In this example notebook, this code was used to include the delay period of 14 days:

# Assume OxCGRT score impact on parameter values with 14 days delay
delay = 14
df = oxcgrt_df.set_index("Date")
df.index += timedelta(days=delay)
merged_df = param_df.join(df, how="right")
merged_df.tail()

However, this delay is different for each country and the 'end' of the effects from Policy Measures is also very different. I made a short overview at the bottom of this notebook to identify the 'ending' effect of policy measures: https://github.com/rebeccadavidsson/SIR_LSTM/blob/main/corr_oxf.ipynb

Just wanted to share this for any new ideas of implementations.

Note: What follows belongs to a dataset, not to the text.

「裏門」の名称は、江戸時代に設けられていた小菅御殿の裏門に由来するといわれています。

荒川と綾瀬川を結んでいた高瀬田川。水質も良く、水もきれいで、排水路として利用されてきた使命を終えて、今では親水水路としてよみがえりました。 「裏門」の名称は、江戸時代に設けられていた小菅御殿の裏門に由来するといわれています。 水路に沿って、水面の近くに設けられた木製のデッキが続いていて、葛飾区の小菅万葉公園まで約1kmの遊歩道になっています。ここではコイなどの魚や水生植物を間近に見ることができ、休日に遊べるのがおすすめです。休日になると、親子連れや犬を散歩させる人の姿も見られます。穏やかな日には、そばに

Inglezos commented 3 years ago

Yes as far as I know the delay should not be a fixed value, but calculated dynamically for each country. In this first implementation the delay is set to the recovery period just to have a first working functionality. This will have to be revised. I refer you to my previous comment:

In order to calculate the delay? Hmm.. if you compared the dates per country when the index was changed rapidly or critical measures were imposed to the dates of the phases (from S-R trend amalysis) or the dates when parameters changed rapidly? Like applying change point analysis but in parameters-index plane instead of S-R. Averaging of these change points duration then could indicate such delay period.

Inglezos commented 3 years ago

The delay period will be reworked with issue #513.

lisphilar commented 3 years ago

Very very interesting. We will move forward to the new issue.